Any project a follow-up issue is blocking? If yes, that one. (E.g., if I file an issue under #1 and a follow-up needs the project to advance, prioritize it.)
Any project where a one-slot push would close it? Closing a project is more valuable than opening a new one.
Any project visibly stale (no commit in 14 days)? If yes, that one. Stale projects feel abandoned.
Otherwise round-robin through the roster by the order above.

No project should run > 30 minutes per slot. If something needs more, file it as its own dedicated issue with a "needs deep-work session" label and resume during a planned block.
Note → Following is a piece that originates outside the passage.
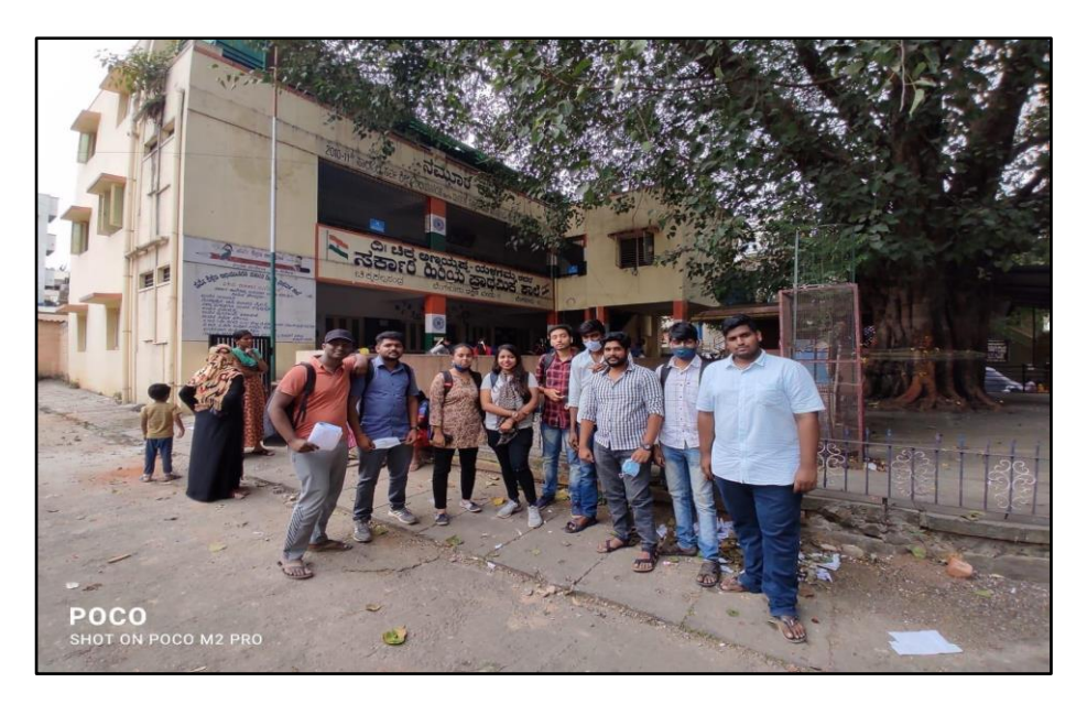
Fig. CEC students participated in the campaign

9. Activity Name: Empowering Young Minds at G.H.P.S, Chikkakallasandra Venue: G.H.P.S, Chikkakallasandra Date: 2<sup>nd</sup> November 2021 to November 6<sup>th</sup> 2021

Part 4 — Token & cadence budget

The weekly cadence (Mon-Fri blocks) totals ~2-3 hours of focused work. Multi-day project slices add another ~30 min/day where capacity allows. So a healthy week looks like:

Day	Cadence block	Idle project slice (optional)
Mon	Data integrity audit (~30 min)	1 slice (~30 min)
Tue	Editorial review (~20 min)	1 slice (~30 min)
Wed	Public surface QA (~20 min)	1 slice (~30 min)
Thu	Infrastructure & cost (~30 min)	1 slice (~30 min)
Fri	Brand readout (~30 min)	— (focus on readout)

That's ~4-5 hours/week. Anything beyond that is paper-work (i.e., actually running a PMA paper from an issue), which is a separate budget item triggered by Brad filing an issue.

If a week's events drain tokens unusually hard (a live event, a paper, a backfill), idle slices get skipped first. Cadence blocks are the floor; idle slices are the ceiling.